Mercredi 12 août, la métropole de Rouen s’est mise en position d’observation. L’éclipse solaire, un spectacle de ciel attendu depuis 1999, a attiré des riverains sur les promontoires et les berges, transformant des sites familiers en belvédères improvisés. Entre files, installations de fortune et clameurs au moment du maximum, la soirée a pris des allures de réunion collective.
Des points d’observation très fréquentés
La Côte Sainte‑Catherine a concentré le plus de monde. Les voitures ont ralenti puis stoppé dans la descente, les automobilistes se frayant un passage entre les groupes d’observateurs. « Ça bouchonnait », raconte un témoin. À 20 h 16, au moment où l’éclipse atteignait son maximum visible depuis la métropole, une clameur accompagnée d’applaudissements a salué le spectacle.
« Je n’ai jamais vu autant de monde à cet endroit »
Sur la presqu’île Rollet, l’atmosphère était plus calme mais tout aussi studieuse : des habitants s’étaient installés dès 18 h 20, préparant lunettes et matériel, prêts à ne rien manquer.
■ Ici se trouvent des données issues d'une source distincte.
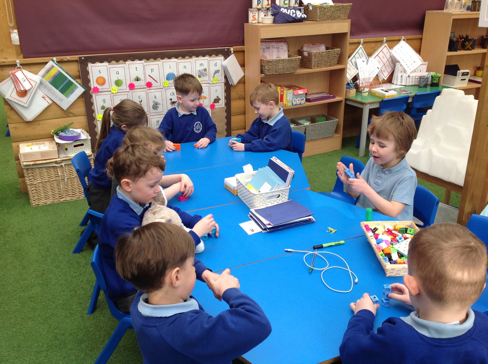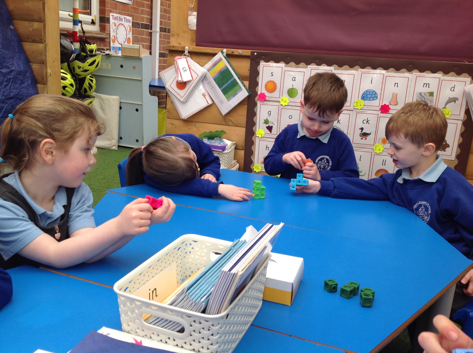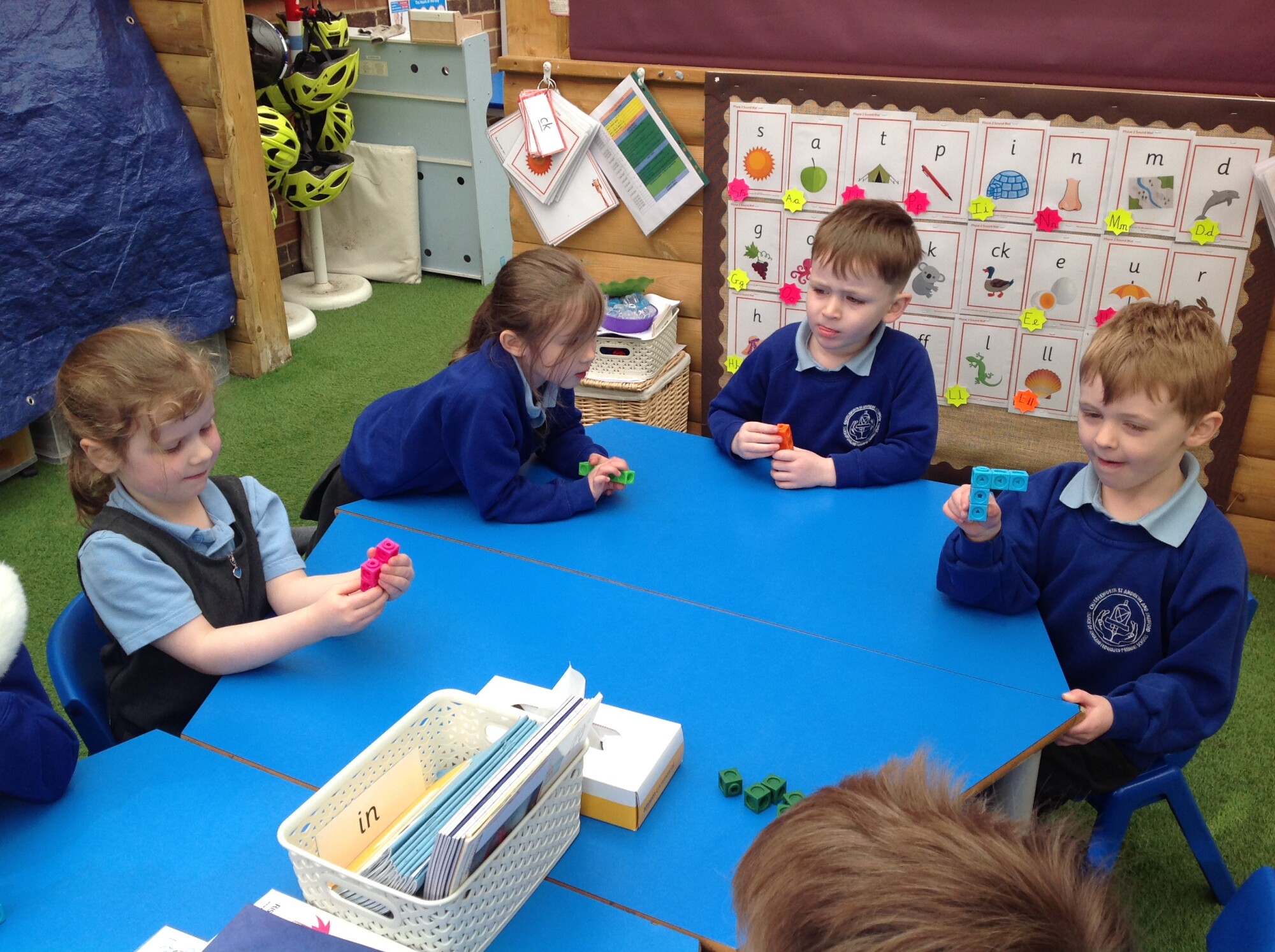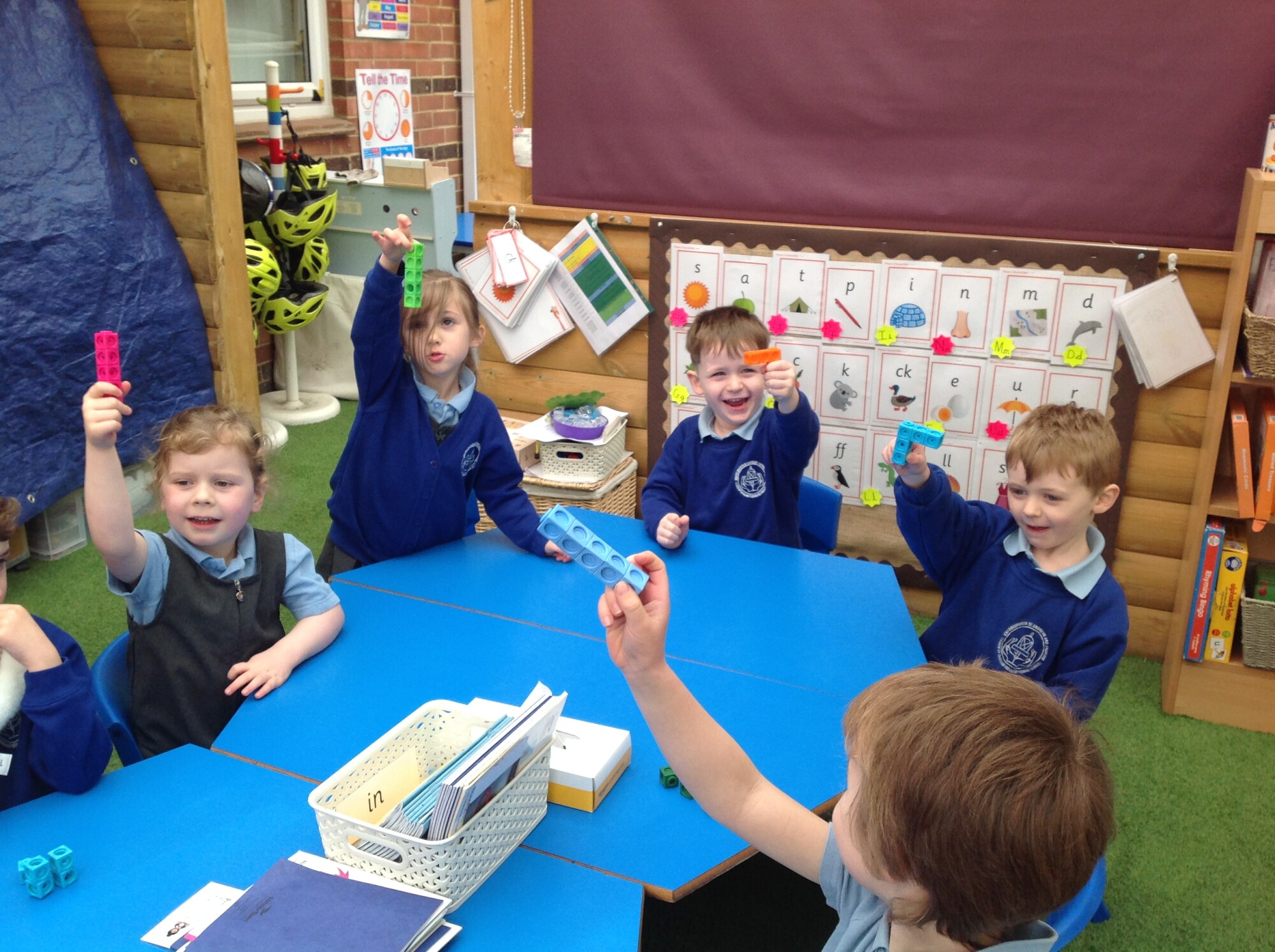In Maths this week we were 'taking 5 apart' and then putting in back together. We started off with a tower of 5 unifix cubes, we quickly discovered that we could take them apart and put them into groups e.g 4 and 1, 3 and 2, 5 and 0. However, we found that when we wanted to put them back together, we could only do it one way - back to a tower of 5. So, we brought in multilink - this was a game changer, we found so many ways of rearranging 5.

À Bonsecours, une famille s’est abritée sous une tente de fortune, montée avec quatre morceaux de bois et un drap destiné initialement au pique‑nique. Le bricolage a rendu le visionnage possible quand les lunettes manquaient.
Débrouille et partage : comment voir l’éclipse
La rareté des protections a amené à des solutions pratiques et solidaires. Certains ont recours à un filtre destiné à l’observation astronomique, d’autres à des montages maison pour partager une seule paire de lunettes entre deux personnes. Un couple de la rive droite a ainsi imaginé un dispositif permettant de regarder simultanément avec une seule paire. D’autres, notamment un groupe d’amies, ont décidé de « se les passer à tour de rôle » pour profiter du passage de la Lune devant le Soleil.
- Matériel professionnel : filtre solaire pour télescope utilisé par des amateurs avertis.
- Solutions partagées : une paire de lunettes utilisée à plusieurs ou un dispositif artisanal pour regarder ensemble.
- Installations improvisées : tentes et abris montés sur place pour se protéger et prolonger l’observation.
Un spectacle et des questions pratiques
Le succès de fréquentation met en lumière des besoins en matériel de protection oculaire et la vitalité du tissu amateur local. Pour beaucoup, l’événement a été l’occasion de renouer avec un souvenir collectif : certains observateurs évoquaient déjà l’éclipse de 1999 et expliquaient avoir utilisé des techniques similaires à l’époque. D’autres pointaient la nécessité, pour les prochaines manifestations, d’une meilleure préparation en termes d’équipements sûrs pour regarder le ciel.
| Site | Caractéristique |
|---|---|
| Côte Sainte‑Catherine | Forte affluence, bouchons, applaudissements à 20 h 16 |
| Presqu’île Rollet | Arrivées dès 18 h 20, ambiance posée, matériel installé |
| Bonsecours | Observations en famille, abri improvisé |
Au‑delà du plaisir partagé, l’événement a rappelé l’importance de la sécurité visuelle : l’usage de filtres adaptés et de lunettes certifiées reste la seule façon d’observer une éclipse sans risque. Les scènes de partage et d’inventivité des Rouennaises et Rouennais témoignent d’une mobilisation citoyenne autour d’un phénomène naturel qui a offert, pour quelques minutes, une pause collective à la ville.
Sur le pavé, aux bords de Seine ou perché sur les hauteurs, Rouen a vécu, le temps d’une soirée, un moment hors du quotidien — la mer n’était pas loin dans les têtes, mais le ciel a suffi à réunir.